One thing notable by omission from Wood’s speech is any extensive discussion of migration — beyond urging us to do skilled migration smarter. That may sit rather oddly with what is purportedly one of the biggest issues at the summit for the media and business — increasing migration to 200,000 people a year.

The relative lack of discussion of migration in Wood’s speech is understandable given that the mooted increase will do little to address skill shortages and in fact will be likely to add to overall demand for labour as much as, or more than, it adds to supply.

For that observation we can also thank the Grattan Institute: last week Brendan Coates and Tyler Reysenbach published a paper explaining in detail why even substantially lifting skilled permanent migration wouldn’t help much.

What a 25% increase in migration would do — especially if coupled with a full-scale return of foreign students to higher education — is push house prices and rents up.
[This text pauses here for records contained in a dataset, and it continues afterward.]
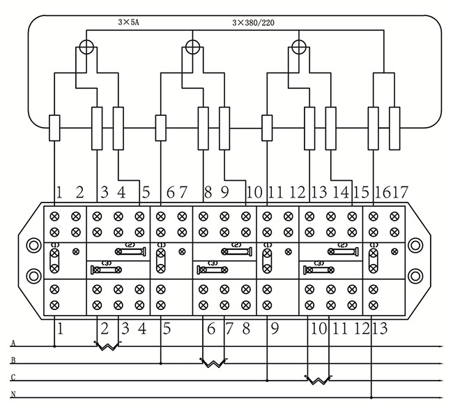 電度表接線盒除N線帶熔斷器系列,A相、B相、C相均采用聯(lián)接片聯(lián)接,一般用在額定電壓3×380V(一般二線或四線)有功電度表上。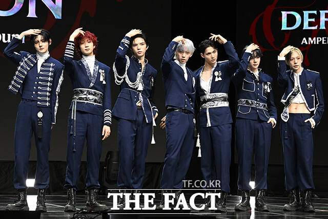 [더팩트 | 송호영 기자] 그룹 앰퍼샌드원(AMPERS&ON)의 김승모와 카이렐, 브라이언, 나캠든, 마카야, 윤시윤, 최지호가 8일 오후 서울 용산구 노들섬 라이브하우스에서 열린 미니 4집 'DEFINITION(데피니션)' 쇼케이스에서 포토타임을 갖고 있다.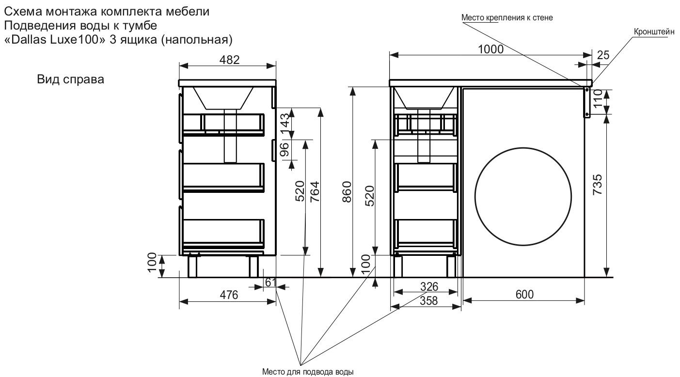 Напольная тумба под раковину Эстет Dallas Luxe ФР-00002309 Л/П 100см три ящика белый купить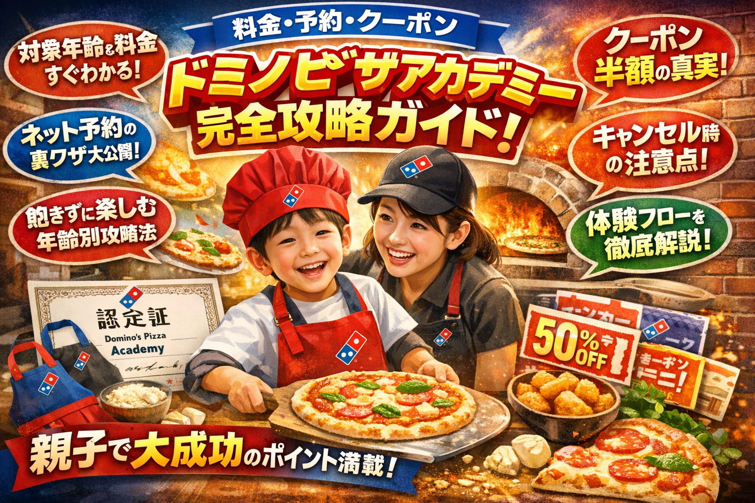 クリスマスや誕生日などイベント利用で失敗しない時間帯の選び方、持ち物と服装、写真撮影中に親が取りがちな危険な立ち位置、塩っぱすぎるピザにならないトッピングバランスまで押さえれば、ドミノピザアカデミーは「ただの子ども体験」から、親子の学びと思い出が両立する投資に変わります。この記事を読み切ってから予約するかどうかを決める方が、トータルの手残りは確実に増えます。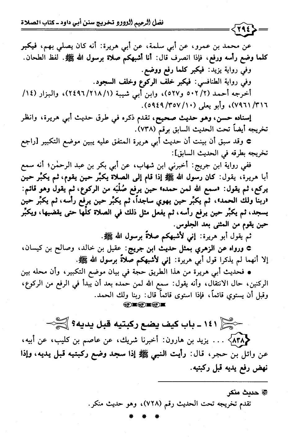 ١٤١ - باب كيف يضع ركبتيه قبل يديه؟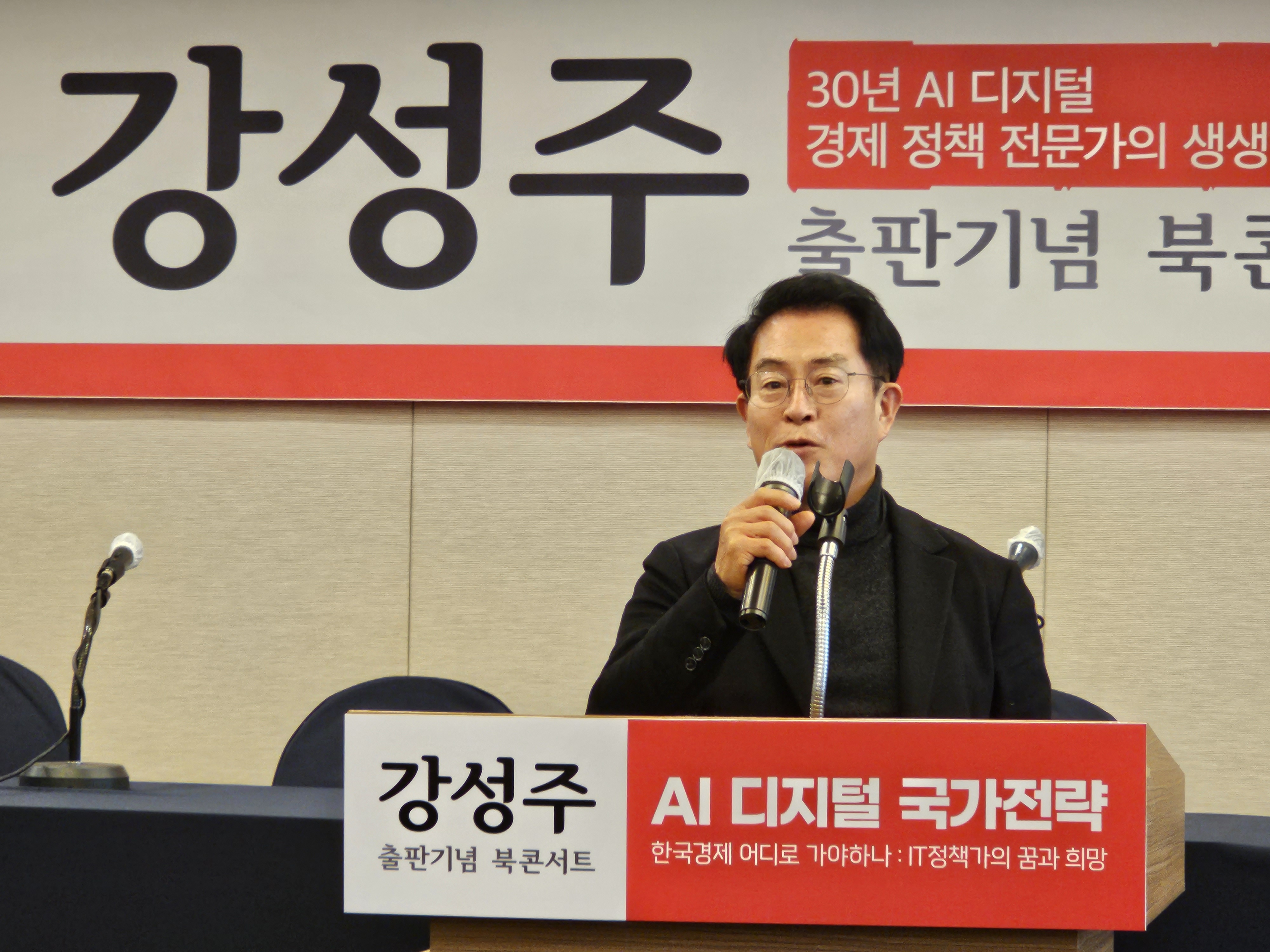이날 강성주 전 우정사업본부장이 지난 30여 년간 글로벌 AI 디지털 현장에서 직접 뛰어온 경험을 토대로 『AI 디지털 국가전략』이라는 책을 출판했으며, 경제 정책 전문가의 생생한 육성을 직접 듣고자하는 많은 분들의 성원에 힘입어 북콘서트를 개최하게 됐다.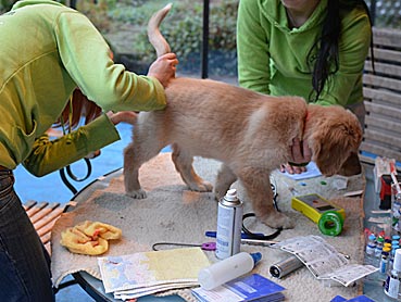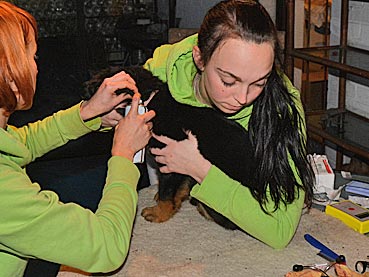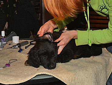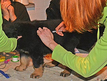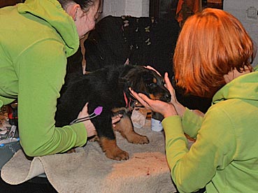 Heute war unsere Tierärztin da und hat den ganzen Wurf gründlich untersucht, geimpft und gechipt.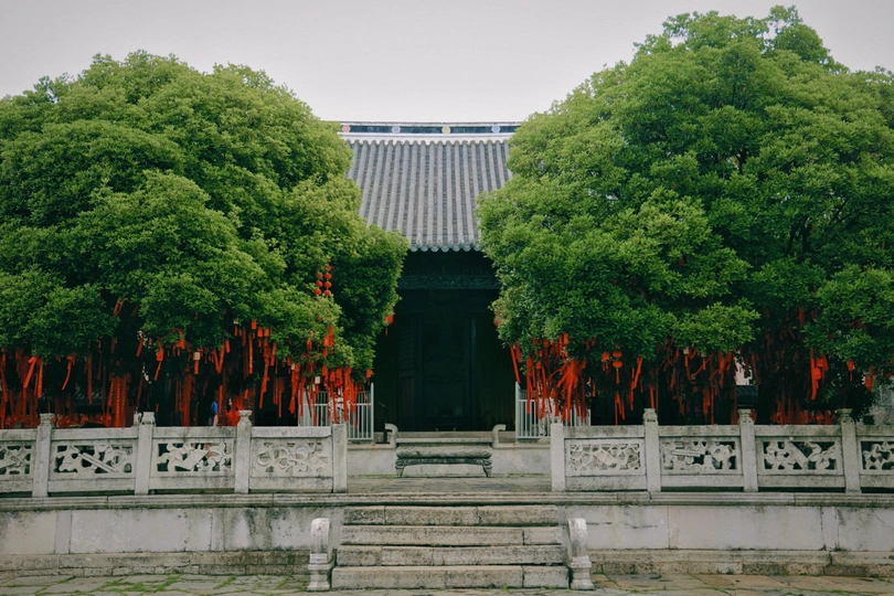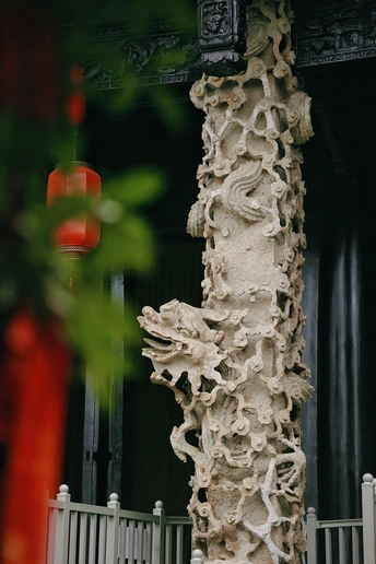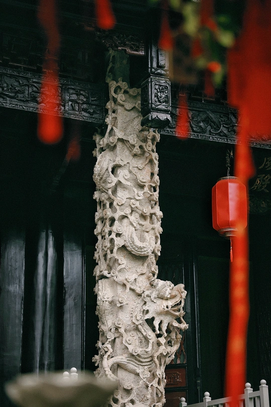 飞檐斗拱间藏着六百年的古韵,青石浮雕上的龙纹栩栩如生,每一道沟壑都镌刻着工匠的虔诚。 红墙映着天光,斑驳树影摇曳在棂星门, 这里静谧得能听见风穿回廊的私语。 抚摸历经岁月的石柱,仿佛能触碰到古时书生赶考的心跳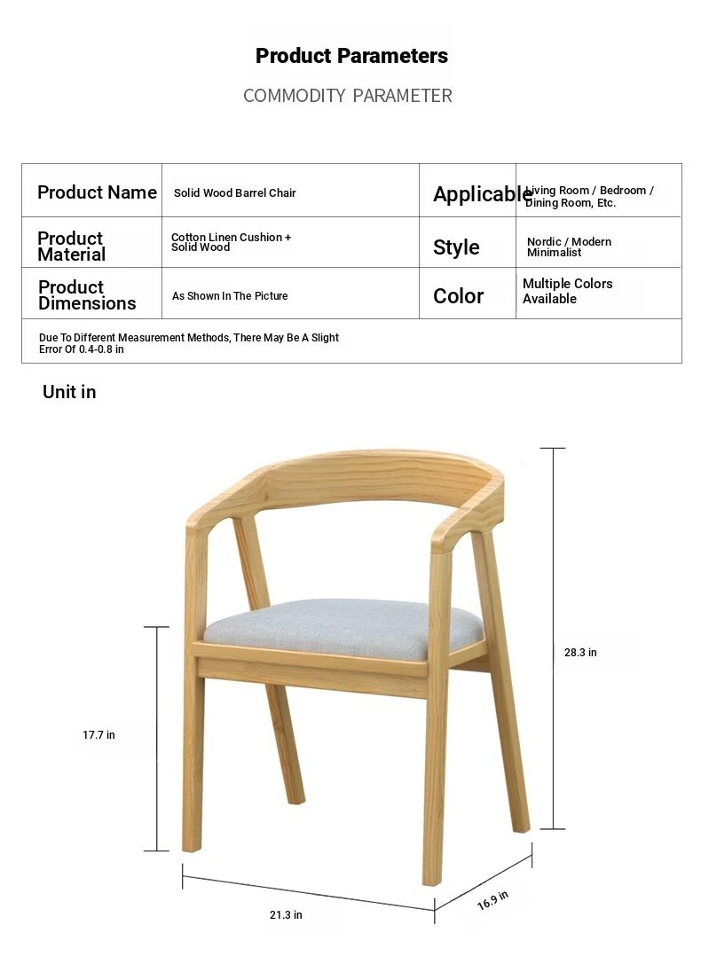 Nordic Solid Wood Office Chair - Versatile Home and Dining Chair with Backrest, Ideal for Desks and Meetings, Comfortable Armchair for Commercial Use in Restaurants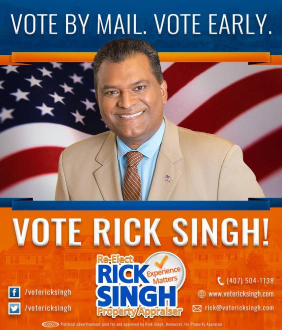 In the heated race for Orange County property appraiser, the Leadership for Florida’s Future political committee distributed mailers that liken the Democratic incumbent, Rick Singh, to the New York billionaire.
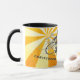 Esta caneca apresenta dois ciclistas de rodovia silenciosos com um fundo de explosão solar retrô. Ele pode ser personalizado com um nome ou qualquer texto que você queira adicionar. -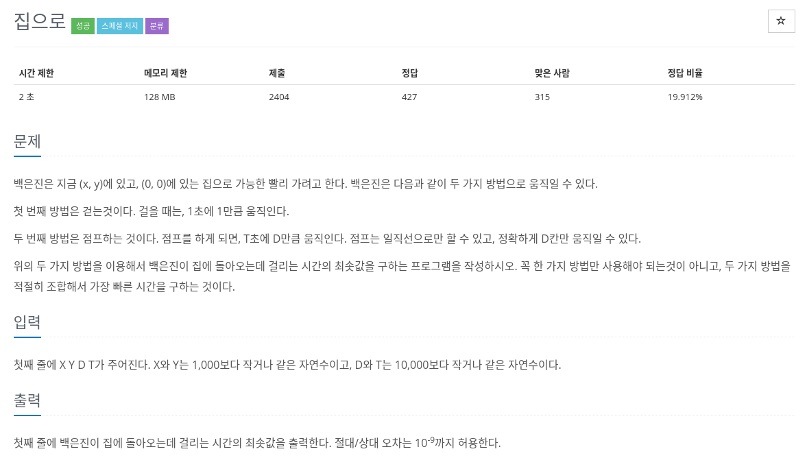 처음에는 직선으로 하는 이동만 생각해서 d 로 뛸 수 있는 만큼 뛰고 남은 거리를 걷거나, 거기서 한번 더 뛰고 다시 뒤로 걷는 두가지 경우만 생각했지만, 한번 틀리고 다시 생각해보니 두가지를 놓쳤다는 것을 알 수 있었다.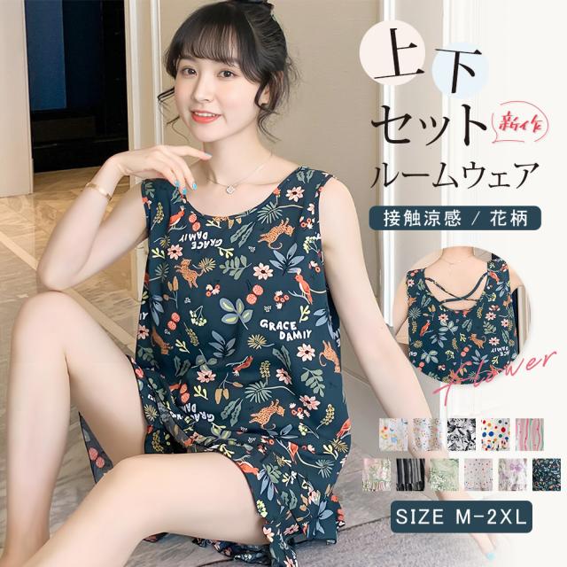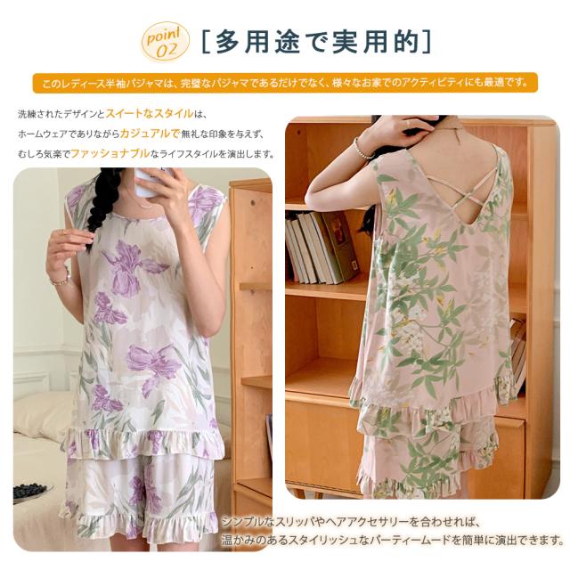 2点セット ルームウェア レディース パジャマ 上下セット 半袖 ルームウェアセット 花柄 薄手 超涼感 ショートパンツ ファッション 速乾 快適 部屋着 エレガント ルーズ 肌触りスト かわいい セクシー プレゼント
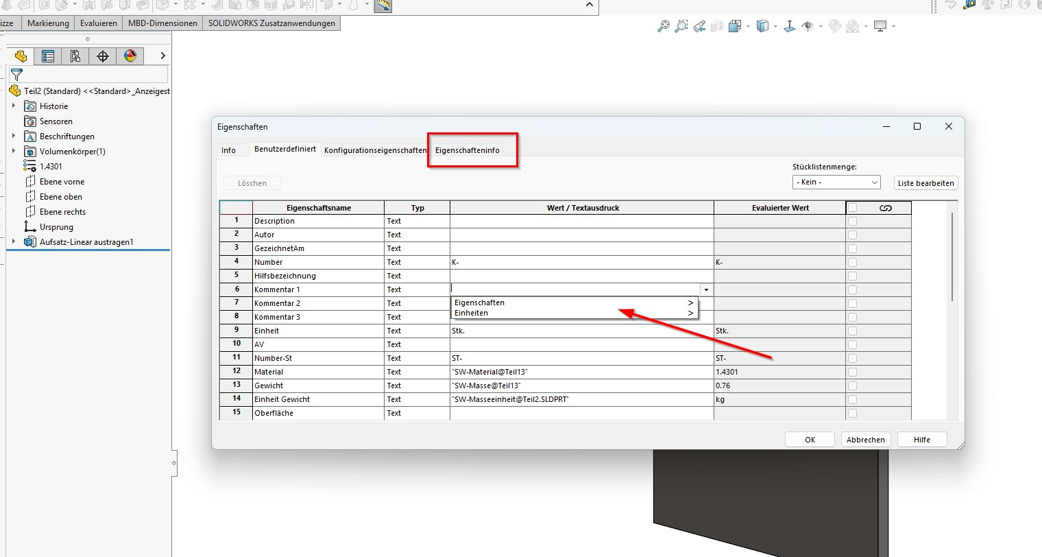 Bei älteren Dateien: im Featuremananager auf dem allerobersten Eintrag mit der rechten Maustaste das PopUp holen und dort ungefähr auf halber Höhe Noch eine Anmerkung: Bitte schreib mal wenigstens deine SWX -Version in deine Systeminfo. Dann kann man häufig besser helfen. ------------------ Grüße aus Dresden Volkmar Grube Es gibt keine Probleme, es gibt nur Aufgaben. [Diese Nachricht wurde von Volkmar Grube am 22. Apr. 2026 editiert.] Eine Antwort auf diesen Beitrag verfassen (mit Zitat/Zitat des Beitrags) IP |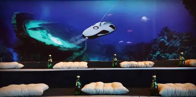 伴随着音乐声,小海鳐在水下平稳慢速的进行着前进后退、上浮下潜、转弯等姿态展示,我们的操作人员实时记录了水下拍摄的高清画面。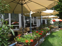 Auf unserer langen überdachten Terrasse mit 35 Sitzplätzen haben sie einen schönen Ausblick über Ensingen.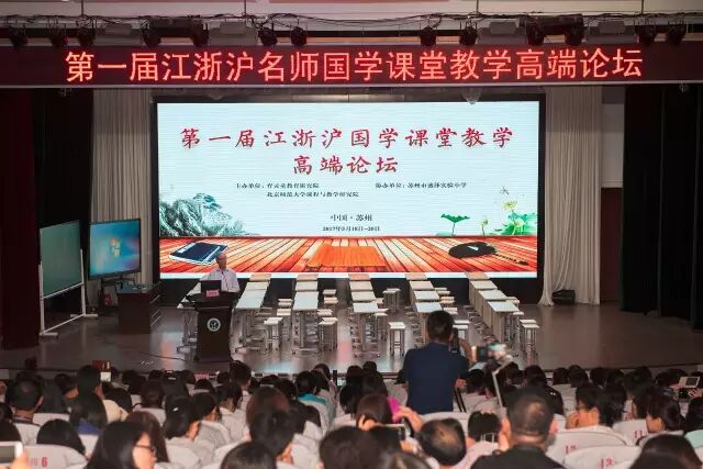 5月19日上午,第一届江浙沪名师国学课堂教学高端论坛在苏州市盛泽实验小学隆重召开。本次论坛由北京育灵童教育研究院、北京师范大学课程与教学研究院主办,苏州市盛泽实验小学协办,主要分为课堂展示、专家报告和名师论坛三个部分。会议旨在全面贯彻落实党中央的文化强国战略以及教育部关于加强学校文化建设的文件精神,大力推动教育改革,鼓励教育创新,帮助广大中小学厘清思路、把握重点,从而更好地开展中华优秀传统文化教育与学校文化建设工作。在为期两天的论坛中,来自全国各地的六百余位教育界专家、教育主管部门领导、校长及骨干教师代表汇聚一堂,围绕相关议题展开了内容丰富、形式多样的专题研讨。

Coates and Reysenbach estimated a 40,000 increase would lift rents by 5%.

In the hysterical campaign against Labor’s now-abandoned negative gearing changes in 2019, the Coalition, the property industry and most of the media uncritically ran “modelling” purporting to show rents would rise by 7-12% as a result.

So a 7% rise in rents justified a wild propaganda campaign against a crucial reform to end the bias of the tax system against first-home buyers, but a 5% rise in rents — based on far better independent research — is widely ignored in the clamour for more workers.

That’s how public debate works in Australia.

Labor’s tax changes would have increased housing affordability by ending the taxpayer subsidy for investors to purchase existing housing stock in competition with low-income earners and first home buyers. But more migration will also add to upward pressure on house prices.

And that’s why no one’s running any wild campaigns about the impact of migration. Renters are to be invoked only if it’s in the interests of property owners to do so.

Instead we’ll hear pronouncements about how it’s important that state governments make sure that housing supply increases to match the requirements of a return to high immigration. If anyone knows a state government that managed to do this, please let us know. Land supply, zoning and planning is everywhere caught up in Game Of Mates webs of influence and power aimed at maximising returns for developers.

That’s why the only certain winners from an increase in migration will be property developers and older Australians who already own property — or multiple properties — and will see demand for their assets surge further. Low-income earners and first-home buyers, as usual, will be left a distant second. 

State governments will also enjoy more revenue from stamp duty, but it’s property owners who get the best deal.

One of the best aspects of Wood’s speech is that it meshes a set of issues that need to be dealt with as a whole, rather than piecemeal. For example, tapping into the productivity and growth gains to be had from greater female workforce participation requires more childcare and parental leave, which requires a greater, more skilled childcare workforce, which requires higher pay, which requires addressing entrenched gender biases toward caring professions. It’s complex, long-term stuff, but surely not beyond the capacity of intelligent policymakers.

But the reflexive increase in migration is a classic case of piecemeal thinking — of a kind that happens to benefit influential interest groups and powerful industries.